This gathering, too, was a long time coming. Postponements, permissions (or the lack thereof), and many nail-biting ‘will they, won’t they’ moments — the drama continued for some time. Even after the date and the venue, which was far from the city, were finalised, doubts remained: the city was turned into ‘containeristan’ and last-minute lawmaking gave the local administration extraordinary powers to deal with all future public gatherings in the capital.
Once the jalsa began, the police watched the timings as hawkishly as the administration in Lahore monitors weddings in big hotels — the lights-out deadline is a hard stop. By 7.30pm, half an hour after the jalsa was supposed to end, the channels were reporting that policemen had been injured by participants’ stone-throwing and had been forced to resort to shelling. The breathless coverage made it seem as if a stand-off had begun over the ‘party’ not ending on time.
But this breaking news was soon forgotten while social media kept reporting on a jalsa that continued late into the night. In this age of #fakenews, it was hard to tell what was going on. However, the jalsa is perhaps just another indication of the stalemate in politics in this country. Those who think it indicates some major change might be celebrating or worrying prematurely.

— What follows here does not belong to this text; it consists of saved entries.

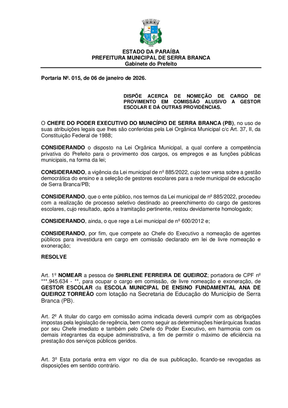 PORTARIA N° 0015/2026 - NOMEAÇÃO DE SHIRLENE FERREIRA DE QUEIROZ
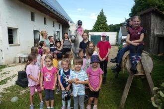 Ganz aufgeregt erwarten die 16 Kinder ihren Pferdeerlebnistag bei Marion Kopold am Bibertalhof in Lauterbrunn. Gesponsert wurde der Nachmittag vom Verein „Pferde für unsere Kinder e.V.“ Frau Kopold und ihr Pferdehof – Reiten & Therapie – hatten diesen Preis gewonnen – herzlichen Glückwunsch! Er soll Kindern die Möglichkeit geben Kontakt zu Pferden zu bekommen – unsere Ferienkinder waren begeistert – sie lernten, erfuhren viel und hatten Freude an den Pferden.
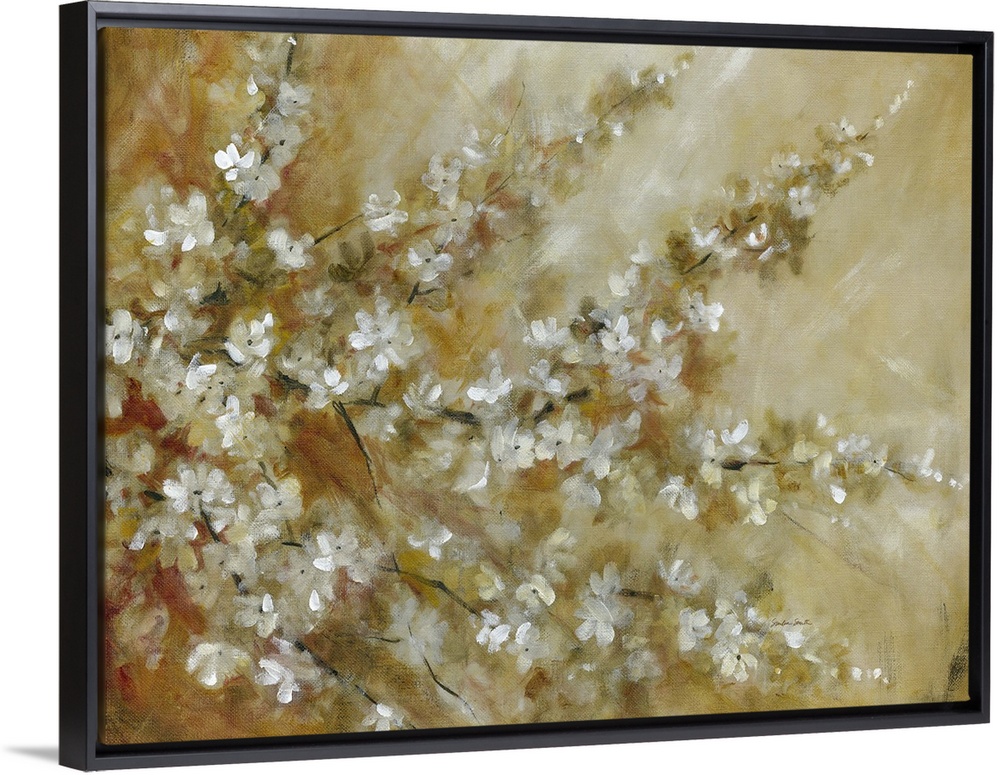<p>Contemporary painting of a tree with branches full of white blossoms.</p>

Consider those in power first. The government was clearly under pressure; or someone was keen to show that the government was under pressure. There were press conferences, statements and sound bites the entire day; even an exclusive video of a cabinet minister was broadcast on news channels just as the footage of the ‘shelling’ was doing the rounds. That the channels needed more breaking news on Imran Khan’s links to Israel at the same time as the jalsa’s school timings had ended is a question which required far more energy than I can spare on a Sunday.
The coverage was equally mind-boggling. Apparently, the blockages in the capital and images of PTI supporters making their way to the jalsa were kosher but not of the venue itself. None of the speeches made their way to the screens either.

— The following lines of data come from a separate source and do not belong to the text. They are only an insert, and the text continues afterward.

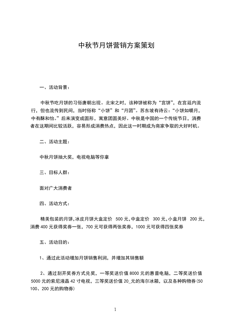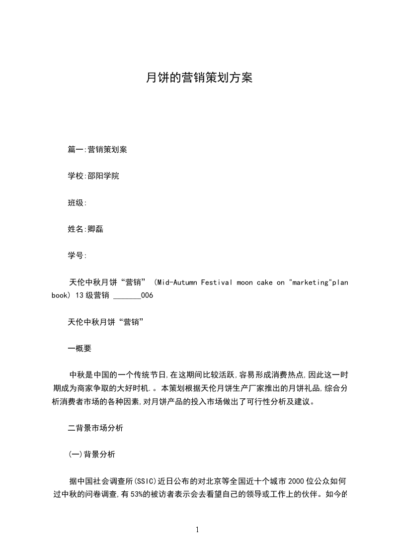 天伦中秋月饼“营销” (Mid-Autumn Festival moon cake on "marketing"plan book) 13级营销 _______006
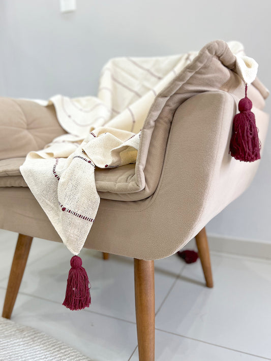 Manta para Sofá / Peseira Pompom Boho Vinho 1,20mx1,80m
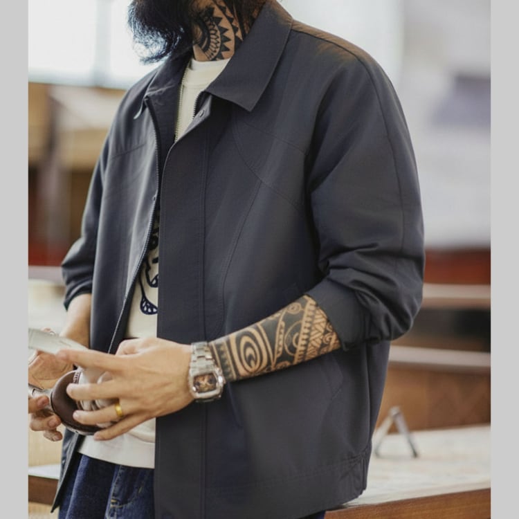 肩のラインを落とした、ゆったりシルエットのワークウェアジャケット。

Perhaps one can venture so far as to say that the restrictions on the gathering as well as its coverage show the acceptance of the party with the establishment continues to be limited — it cannot be wished away or forcibly removed. On the contrary, its popularity forces a resentful acceptance of its existence. This is as true of the government in KP as it is of the jalsa. And because of this, concessions will have to be made to it occasionally.

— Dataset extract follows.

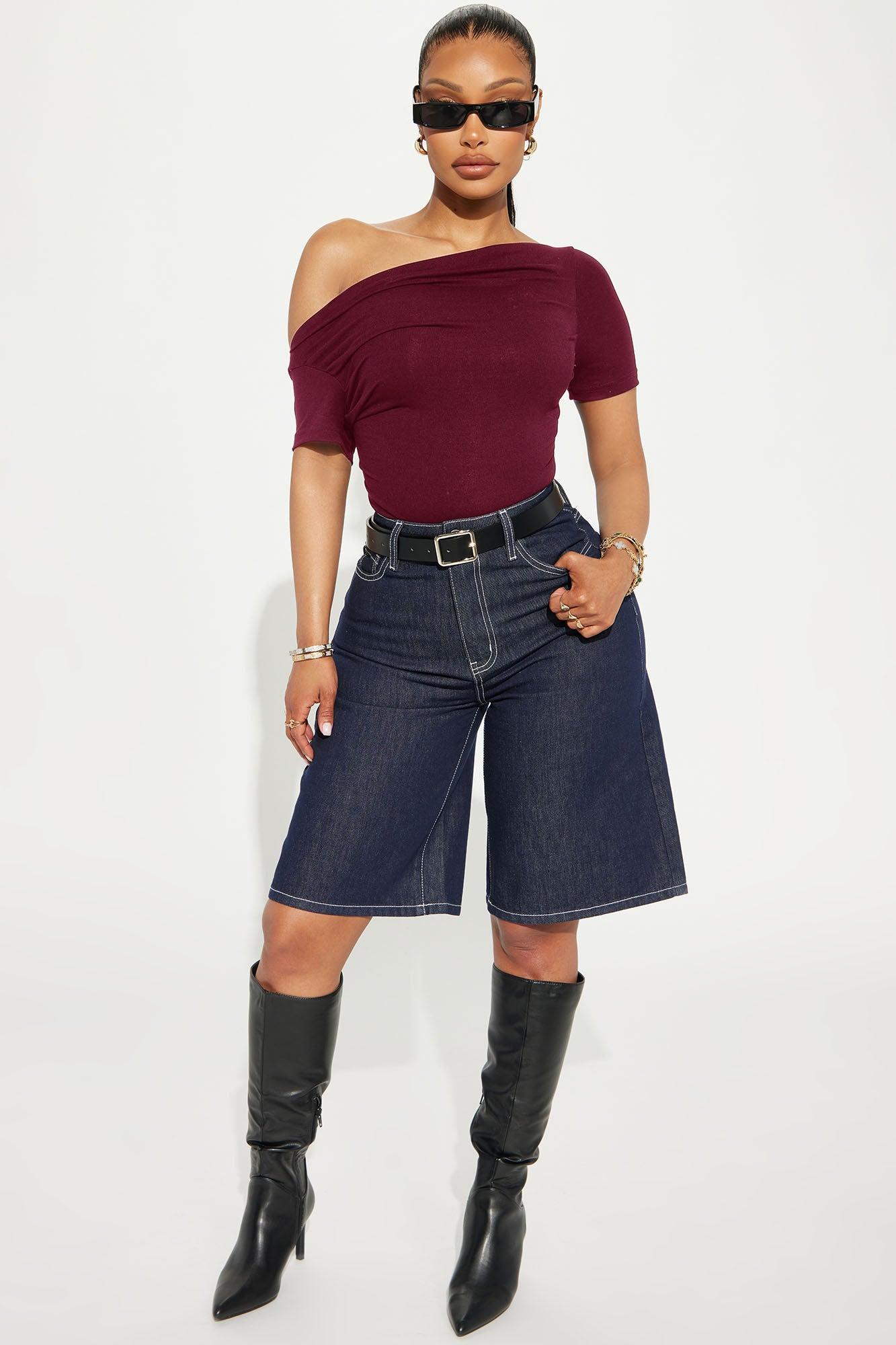 Eva Effortless One Shoulder Top - Burgundy Female

This is a tightrope for the establishment to walk, especially in Punjab where there are reports of arrests and raids on those associated with the PTI. These are done to keep fear and control in place; easing these may lead to an unwanted reaction. However, keeping up the pressure on the party also means resentment against the establishment will not ease. This is a dilemma they don’t seem to have found an answer to.
However, this is a factor which might weigh heavily on some, especially because of events in the region in recent days and years.
The PTI itself faces equally difficult challenges. Imran Khan continues to be imprisoned with few chances of a quick release. The leadership on the outside is trying to balance his harsh and aggressive stand along with their own desires of a more normal life. And then there is the pressure from the workers and voters, who want not just an end to this stand-off but also the release of Khan. This heat from below has to be managed even though some of the leaders would perhaps prefer to build a better relationship with the establishment and settle down to a boring parliamentary existence. Some of this was also evident from the speech of Mahmood Achakzai, who criticised the party’s leadership.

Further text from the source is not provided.